Problem. Let $f:D\to\mathbb R,$ be continuous, where $D\subset\mathbb R^2$, open, and let $\varphi,\psi :[\tau:T]\to\mathbb R,$ differentiable functions. If $\varphi(\tau)=\psi(\tau),$ and $$ \varphi'(t)=f\big(t,\varphi(t)\big) \quad\text{and}\quad \psi'(t)<f\big(t,\psi(t)\big), $$ for every $\,t\in [\tau,T],$ then show that $\psi(t)<\varphi(t),$ for all $t\in (\tau,T]$.

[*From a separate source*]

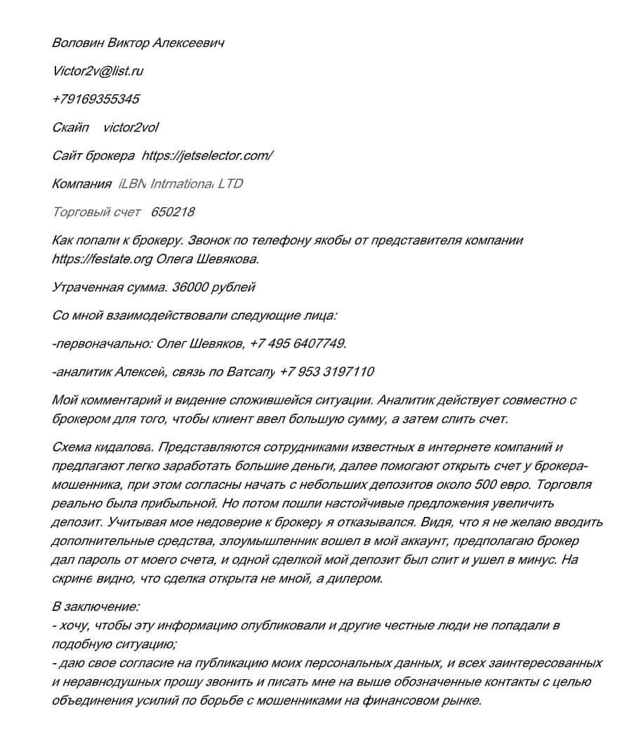 Подробная жалоба на Jet Selector от клиента, потерявшего 36 000 рублей
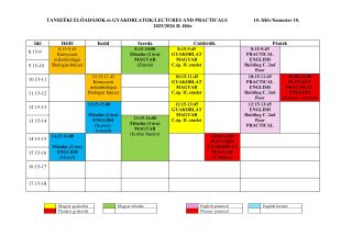 Szerda 8.15-10:00, Zlamál előadó; Szerda 13.15-16:00, Kotlán Sándor előadó

This is an exercise in an undergraduate ODEs class of rather elementary level. I have produced a solution (which I post), but I am afraid that it is a bit too technical. It assumes the knowledge of Calculus of M. Spivak's level. In particular, it uses the fact that the zero set of a continuous function is closed, and if it is bounded it contains a minimum. I was wondering if there is a simpler solution, more suitable for the level of that class.
I am providing a sketch of proof.
Assume that $\varphi(t_1)\le \psi(t_1),$ for some $t_1\in (\tau,T]$.

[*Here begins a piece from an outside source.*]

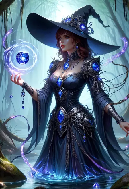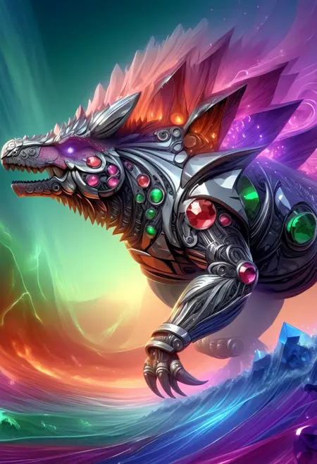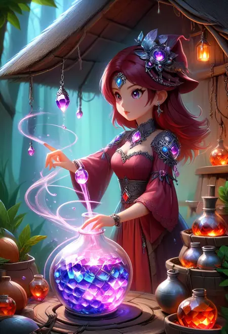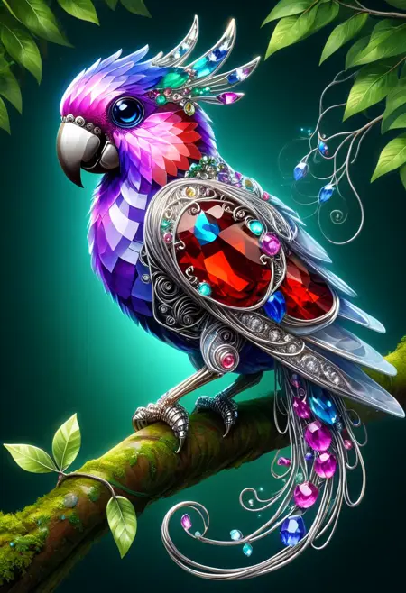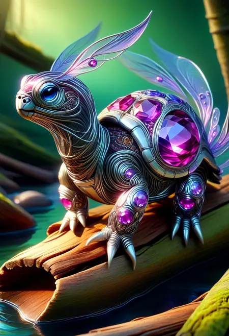 This lora is a fun morph of purple gemstone and silver wiring (think like jewelry). It provides a unique fantasy effect to images. You can also add different colors to the prompt to trigger unique outcomes. I recommend adding "silver wire" to the prompt if you are struggling to get the wire effect. I usually run the strength between 0.6-1.0 and I play around with different samplers. Excited to see what people come up with!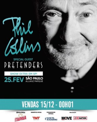 Phil Collins fará show extra em São Paulo em 2018. Em virtude da grande procura por ingressos para a apresentação que o ex-integrante do Genesis fará no dia 24 de fevereiro na Arena do Palmeiras, os organizadores anunciaram na quarta-feira, 13 de dezembro, uma outra data, a do dia 25 de fevereiro do próximo ano, no mesmo Allianz Parque, como opção aos fãs.

Step 1. Since $\varphi(\tau)=\psi(\tau),\,$ and $\varphi'(\tau)>\psi'(\tau),\,$ then there exists a $\delta>0$, such that $\varphi(t)>\psi(t),\,$ for $t\in (\tau,\tau+\delta)$.
Step 2. Combining the assumption that $\varphi(t_1)\le \psi(t_1),$ for some $t_1\in (\tau,T]$, with the result of Step 1, we obtain that (due to the Intermediate Value Theorem) the set $\,S=\{t\in [\tau+\delta,T]:\varphi(t)=\psi(t)\},\,$ is non-empty.
Step 3. Let $s=\min\{t\in [\tau+\delta,T] : \varphi(t)=\psi(t)\}$. As $\varphi(t)>\psi(t),\,$ for $t\in (\tau,s)$, then $$ \varphi'(s)=\lim_{t\to s^-}\frac{\varphi(t)-\varphi(s)}{t-s} \le\lim_{t\to s^-}\frac{\psi(t)-\psi(s)}{t-s} =\psi'(s)<f\big(s,\psi(s)\big)\\ =f\big(s,\varphi(s)\big)=\varphi'(s). $$ Contradiction.